#### Work request
Find the line containing "Touch panel - [MACHINE]" in the listing below; reproduce it and every line after, exactly. Skip pictures.

#### Given data
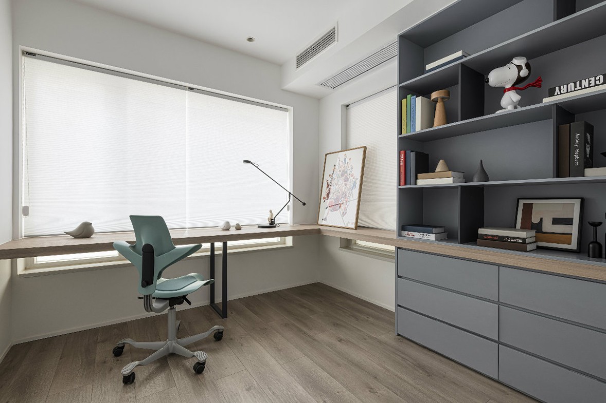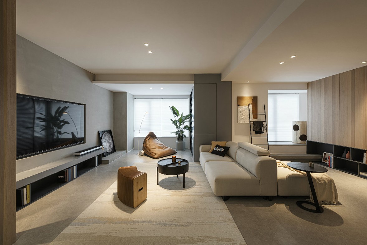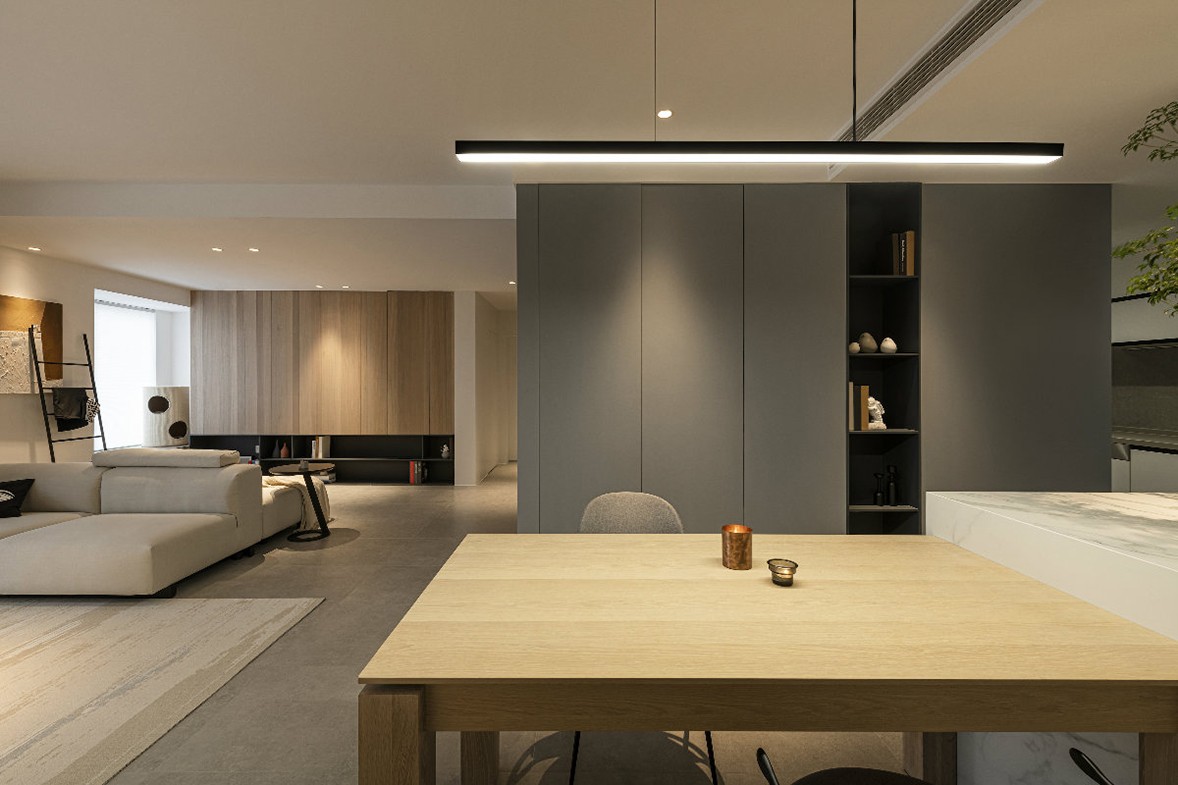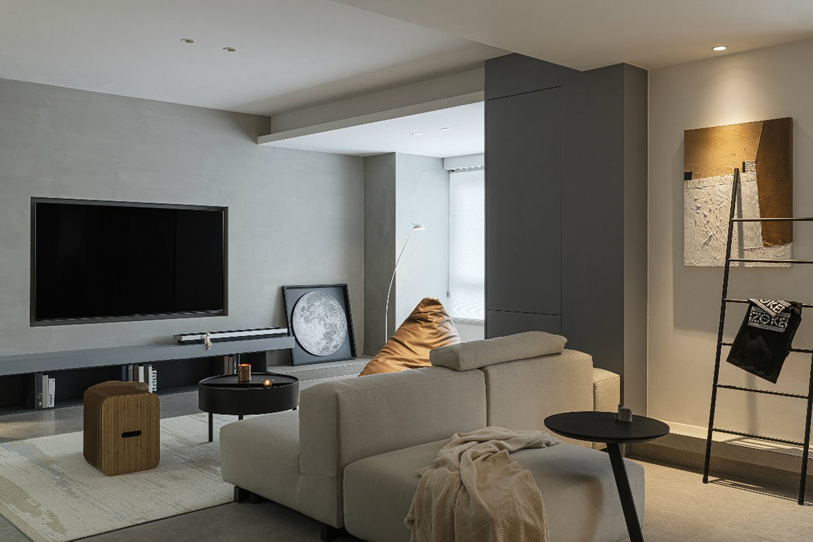 The overall tone is mainly gray, the unique visual sense of the color gives the space a calm and slightly calm temperament, the geometrical lighting is exquisite and atmospheric, and the sofas, tables and chairs are full of lines, which not only enhances the artistic sense of the living room, but also The space brings richer level changes. The dark walls and light-colored carpets use lines to outline the space, with clear levels, simple and prosperous, low-key and restrained. Artworks are neatly arranged on wooden shelves, and frequently read books can also be stored here.
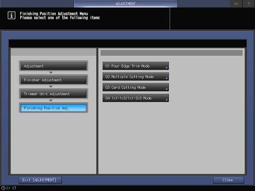 Touch panel - [MACHINE] - [Adjustment] - [Finisher Adjustment] - [Trimmer Unit Adjustment] - [Finishing Position Adj.]
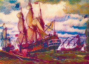 Лансере Е. Е. Корабли времен Петра I. 1909. Х., темпера. ГРМ
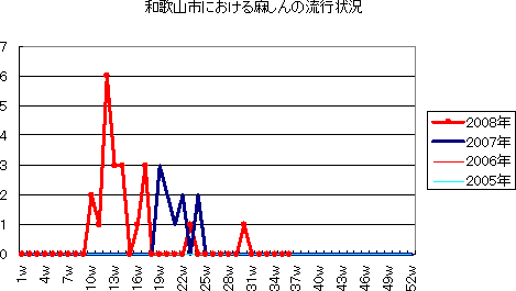 また,「風疹」は,和歌山市内では,2004年7件,2005年4件の報告でした。2008年第3週で5年ぶりに1件の報告がありました。

#### Result of this exercise
 Touch panel - [MACHINE] - [Adjustment] - [Finisher Adjustment] - [Trimmer Unit Adjustment] - [Finishing Position Adj.]
 Лансере Е. Е. Корабли времен Петра I. 1909. Х., темпера. ГРМ
 また,「風疹」は,和歌山市内では,2004年7件,2005年4件の報告でした。2008年第3週で5年ぶりに1件の報告がありました。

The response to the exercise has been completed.